Wow. Almost worth changing my name again just to fuck with them.

[–] paysrenttobirds@sh.itjust.works 6 points 1 year ago (1 children)

Hello, ewroiugheqripougheqpiurghperiugheqrpiughqerpuigheq,

The fgets function will only read in as many characters as you tell it to (50) in the second parameter, so the rest of the input will simply be lost and the name will be truncated.

[–] fubo@lemmy.world 7 points 1 year ago* (last edited 1 year ago) (1 children)

And, mind you, fgets is the safer replacement to the original gets, which attempts to read a variable-length line into a fixed-length buffer.

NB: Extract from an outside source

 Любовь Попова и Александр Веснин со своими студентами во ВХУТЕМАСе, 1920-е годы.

The manual has this to say about gets

BUGS
       Never use gets().  Because it is impossible to tell without knowing the
       data  in  advance  how  many  characters  gets() will read, and because
       gets() will continue to store characters past the end of the buffer, it
       is  extremely dangerous to use.  It has been used to break computer se‐
       curity.  Use fgets() instead.
[–] mo_ztt@lemmy.world 3 points 1 year ago (1 children)

Why is this even still in the library 🥲

Twenty years ago it kind of made sense. Ok it's bad, but sometimes we're just reading a local file fully under our control, maybe from old code that the source doesn't exist anymore for, it's such a core function that taking it out however badly needed will have some negative consequences.

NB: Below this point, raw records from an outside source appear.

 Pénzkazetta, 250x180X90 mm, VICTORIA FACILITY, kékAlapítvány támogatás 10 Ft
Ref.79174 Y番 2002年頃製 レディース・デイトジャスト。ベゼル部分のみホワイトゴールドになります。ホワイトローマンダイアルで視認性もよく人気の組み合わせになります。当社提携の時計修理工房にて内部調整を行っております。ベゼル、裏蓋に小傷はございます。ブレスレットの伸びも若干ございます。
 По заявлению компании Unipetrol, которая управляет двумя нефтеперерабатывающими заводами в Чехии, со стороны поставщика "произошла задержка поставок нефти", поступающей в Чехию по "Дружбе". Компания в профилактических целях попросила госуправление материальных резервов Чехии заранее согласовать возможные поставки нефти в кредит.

At this point though, I feel like calling it should just play a loud, stern "NO!" over your speakers and exit the program.

[–] fubo@lemmy.world 6 points 1 year ago

Why is this even still in the library 🥲

The linker will complain at you —

dumb.c:(.text+0x2f): warning: the `gets' function is dangerous and should not be used.
[–] nothacking@discuss.tchncs.de 5 points 1 year ago

Your going to have to read the input one piece at a time, allocating a bigger buffer as you go. (realloc is the way to go here) I recommend putting the input reading code in a function do you can easily use it multiple times.

[–] buh@hexbear.net 2 points 1 year ago* (last edited 1 year ago)

I dont really see the point of the 2nd line in main, fgets already makes sure to null terminate

[–] PaX@hexbear.net 1 points 1 year ago* (last edited 1 year ago)

In addition to the other answers, you might consider using getline() if you're on a POSIX-compliant system. It can automatically allocate a buffer for you.